● **Records supplied**

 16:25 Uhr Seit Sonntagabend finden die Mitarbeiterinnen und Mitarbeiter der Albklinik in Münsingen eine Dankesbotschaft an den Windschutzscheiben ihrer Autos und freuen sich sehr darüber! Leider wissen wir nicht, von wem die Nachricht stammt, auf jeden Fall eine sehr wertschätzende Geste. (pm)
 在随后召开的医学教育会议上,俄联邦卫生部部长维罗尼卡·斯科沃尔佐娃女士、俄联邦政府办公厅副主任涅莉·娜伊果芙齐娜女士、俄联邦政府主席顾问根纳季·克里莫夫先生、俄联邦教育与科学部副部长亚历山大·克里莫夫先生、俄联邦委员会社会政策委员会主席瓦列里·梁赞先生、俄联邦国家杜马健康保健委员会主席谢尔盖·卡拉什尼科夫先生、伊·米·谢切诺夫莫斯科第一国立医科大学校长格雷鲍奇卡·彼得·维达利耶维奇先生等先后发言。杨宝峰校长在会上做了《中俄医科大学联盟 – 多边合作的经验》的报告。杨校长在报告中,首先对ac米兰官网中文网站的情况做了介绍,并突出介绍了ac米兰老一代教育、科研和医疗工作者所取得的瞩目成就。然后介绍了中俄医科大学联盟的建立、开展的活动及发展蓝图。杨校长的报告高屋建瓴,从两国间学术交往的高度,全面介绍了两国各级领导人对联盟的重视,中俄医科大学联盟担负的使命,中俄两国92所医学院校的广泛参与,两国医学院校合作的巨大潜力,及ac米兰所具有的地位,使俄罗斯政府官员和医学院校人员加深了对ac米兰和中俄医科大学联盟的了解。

...

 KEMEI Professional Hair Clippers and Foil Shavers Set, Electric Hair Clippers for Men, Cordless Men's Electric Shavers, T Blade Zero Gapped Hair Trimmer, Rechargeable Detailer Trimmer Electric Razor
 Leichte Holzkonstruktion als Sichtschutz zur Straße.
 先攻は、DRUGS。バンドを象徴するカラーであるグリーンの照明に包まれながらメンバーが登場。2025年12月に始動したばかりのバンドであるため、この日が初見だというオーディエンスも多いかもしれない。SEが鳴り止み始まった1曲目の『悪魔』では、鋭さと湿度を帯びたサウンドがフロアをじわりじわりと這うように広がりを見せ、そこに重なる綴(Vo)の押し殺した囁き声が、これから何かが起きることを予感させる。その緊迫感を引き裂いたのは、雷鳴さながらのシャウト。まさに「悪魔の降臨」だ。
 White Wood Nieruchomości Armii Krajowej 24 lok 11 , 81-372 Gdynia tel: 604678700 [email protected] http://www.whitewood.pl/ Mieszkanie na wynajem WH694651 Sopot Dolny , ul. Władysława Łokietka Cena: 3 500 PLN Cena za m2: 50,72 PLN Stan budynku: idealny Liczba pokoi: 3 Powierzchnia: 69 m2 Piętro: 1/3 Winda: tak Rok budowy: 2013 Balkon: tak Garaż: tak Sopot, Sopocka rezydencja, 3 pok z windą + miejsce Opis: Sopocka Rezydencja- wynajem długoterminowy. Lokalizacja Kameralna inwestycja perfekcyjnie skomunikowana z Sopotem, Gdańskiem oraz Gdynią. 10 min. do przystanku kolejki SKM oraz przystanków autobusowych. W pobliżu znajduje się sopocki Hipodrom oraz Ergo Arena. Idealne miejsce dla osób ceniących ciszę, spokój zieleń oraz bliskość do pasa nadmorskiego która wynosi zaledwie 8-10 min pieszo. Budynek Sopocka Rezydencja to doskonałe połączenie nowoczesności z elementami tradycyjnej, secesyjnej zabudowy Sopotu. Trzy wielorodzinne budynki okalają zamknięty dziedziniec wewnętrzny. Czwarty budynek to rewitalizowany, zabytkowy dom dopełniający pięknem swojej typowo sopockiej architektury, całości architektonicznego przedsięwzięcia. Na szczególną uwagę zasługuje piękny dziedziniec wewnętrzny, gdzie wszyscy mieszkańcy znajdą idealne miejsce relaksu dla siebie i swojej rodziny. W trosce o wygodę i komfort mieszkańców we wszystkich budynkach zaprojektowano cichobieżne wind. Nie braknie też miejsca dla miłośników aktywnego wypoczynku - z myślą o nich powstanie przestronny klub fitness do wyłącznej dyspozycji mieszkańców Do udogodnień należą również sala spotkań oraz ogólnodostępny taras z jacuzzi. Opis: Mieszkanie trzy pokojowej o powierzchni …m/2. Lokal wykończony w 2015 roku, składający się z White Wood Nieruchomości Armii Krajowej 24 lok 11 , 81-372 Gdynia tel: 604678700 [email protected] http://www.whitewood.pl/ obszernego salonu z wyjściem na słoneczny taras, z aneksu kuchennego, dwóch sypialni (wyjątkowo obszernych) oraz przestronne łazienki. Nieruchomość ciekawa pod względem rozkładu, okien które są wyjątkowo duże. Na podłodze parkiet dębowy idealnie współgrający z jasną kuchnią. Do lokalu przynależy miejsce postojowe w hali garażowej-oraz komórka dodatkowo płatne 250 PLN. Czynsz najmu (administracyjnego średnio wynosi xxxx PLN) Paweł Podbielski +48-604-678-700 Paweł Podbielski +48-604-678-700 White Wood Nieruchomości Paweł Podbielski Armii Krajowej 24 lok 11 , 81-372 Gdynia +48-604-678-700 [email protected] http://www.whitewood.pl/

● **What the task requires**
Taking the records above, retype every line from the one with "Leichte Holzkonstruktion als" down to the one with "先攻は、DRUGS。バンドを", exactly and with nothing else.

● **Answer to the problem**
 Leichte Holzkonstruktion als Sichtschutz zur Straße.
 先攻は、DRUGS。バンドを象徴するカラーであるグリーンの照明に包まれながらメンバーが登場。2025年12月に始動したばかりのバンドであるため、この日が初見だというオーディエンスも多いかもしれない。SEが鳴り止み始まった1曲目の『悪魔』では、鋭さと湿度を帯びたサウンドがフロアをじわりじわりと這うように広がりを見せ、そこに重なる綴(Vo)の押し殺した囁き声が、これから何かが起きることを予感させる。その緊迫感を引き裂いたのは、雷鳴さながらのシャウト。まさに「悪魔の降臨」だ。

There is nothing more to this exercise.